Traditional King Cake

Makes 1 king cake; 12-14 pieces. Recipe is by Stephanie Bernard, pastry chef at Tableau in New Orleans, who shares her personal king cake recipe.

Cake:

½ cup warm water

5 teaspoons active dry yeast

½ cup plus 2 teaspoons sugar

4 cups flour

1 teaspoon nutmeg

2 teaspoons salt

1 teaspoon lemon zest

½ cup warm milk

4 ounces unsalted butter, melted

3 egg yolks

2 large eggs

Icing:

1 pound powdered sugar

2 teaspoons cinnamon

2 teaspoons vanilla

Milk, enough to make a glaze

Optional: purple, green and gold sugar

1. Preheat oven to 350 F.

2. Make the cake: Combine the warm water, yeast and 2 teaspoons of sugar in a small bowl. Mix and set aside in a warm place for 10 minutes or until yeast begins to bubble.

3. In a bowl, combine the flour, ½ cup of sugar, nutmeg, salt, lemon zest, and add to an electric mixing bowl. Add warm milk, melted butter, egg yolks, whole eggs, and reserved yeast mixture. Beat with a dough hook until smooth.

4. Turn the dough out on a lightly floured surface. Knead, adding small amounts of flour until the dough is no longer sticky. Continue kneading until the dough is smooth and elastic (about 10 minutes). Place the dough in a well greased bowl. Turn once so the greased surface is on top.
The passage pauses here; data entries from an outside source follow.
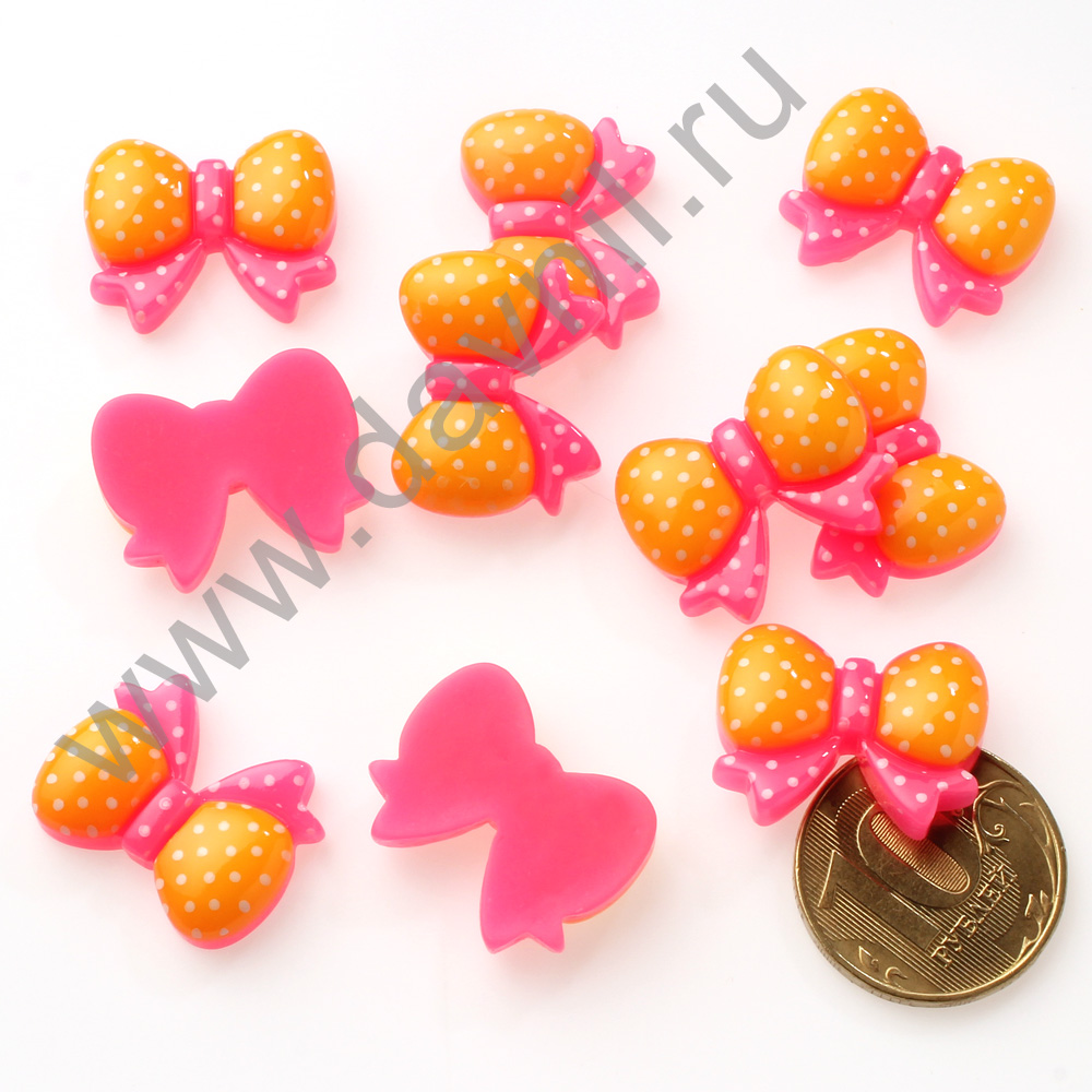 Кабошон "Бантик" 17*22 мм 20 шт фуксия с желтым
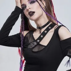 Double bretelles Ă gauche dont l’une est agrĂ©mentĂ©e de gros oeillets et d’une grande main de squelette en mĂ©tal
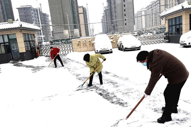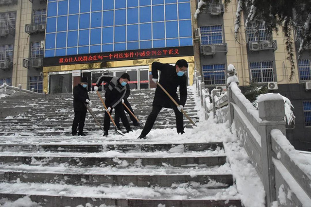 上午8时,机关院内一片热火朝天,史军峰院长带头,拿起铁锨开始扫雪铲冰。干警们个个不畏严寒,干得热火朝天,有的用铁锹向两边清理积雪,有的在后面奋力用大扫帚扫雪,有的用小扫把清扫栏杆上的积雪,积雪溅在衣服和鞋上都毫不在意,大家越干越起劲,他们中,有刚从防疫执勤岗位上换班回来的“疫”线勇士,有保障干警正常就餐的餐厅师傅,有为了保卫机关安全24小时值守的安保人员,忙碌的身影筑成了一道靓丽的风景线。
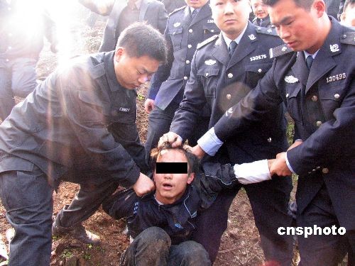 3月19日,婁底市公安局婁星分局民警抓獲殺害治安巡邏隊員譚靜宇的犯罪嫌疑人鐘倫慧。 中新社發(fā) 郭國權 攝
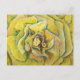 Painting of a vibrant yellow rose in close-up as petals swirl outward. Cool blues, purples, and greens provide vibrant contrast to the shadows and accentuate the motion of the yellow swirl. Personalise the yellow rose art postcard print with your own text and images using the "Customise It"options to make special yellow rose postcards!
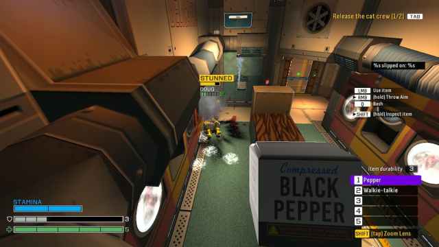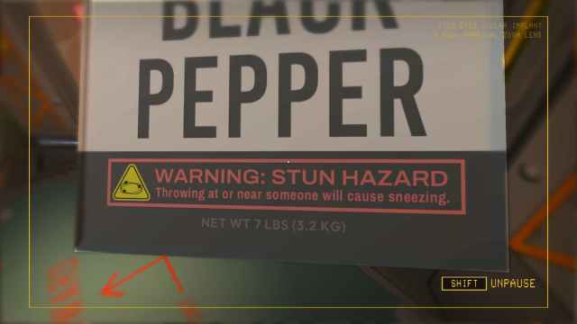 I couldn’t find the fuse box for vents yet, so those were inaccessible to me. Instead, I approached the Black Pepper machine, which gave me a pack of Black Pepper, as expected. Zooming into the black pepper confirmed that throwing it at enemies stuns them and causes them to sneeze.

5. Cover the dough and let rise in a warm place until doubled in bulk (about 1½ hours). Punch the dough down and place on a lightly floured surface. At this point you can separate the dough in three and braid the dough, or you can keep it simple and make the dough into a cylinder, about 30 inches long. Place the cylinder on a buttered baking sheet. Shape into a ring, pinching the edges to seal. Cover, and let rise in a warm place for another 45 minutes. Bake for 25-30 minutes or until golden brown.

6: Prepare the icing: Combine the powdered sugar and cinnamon. Add vanilla, mix, and then add enough milk to make a glaze consistency. When the king cake has cooled, pour glaze on top. Decorate with purple, green and gold sugar if desired.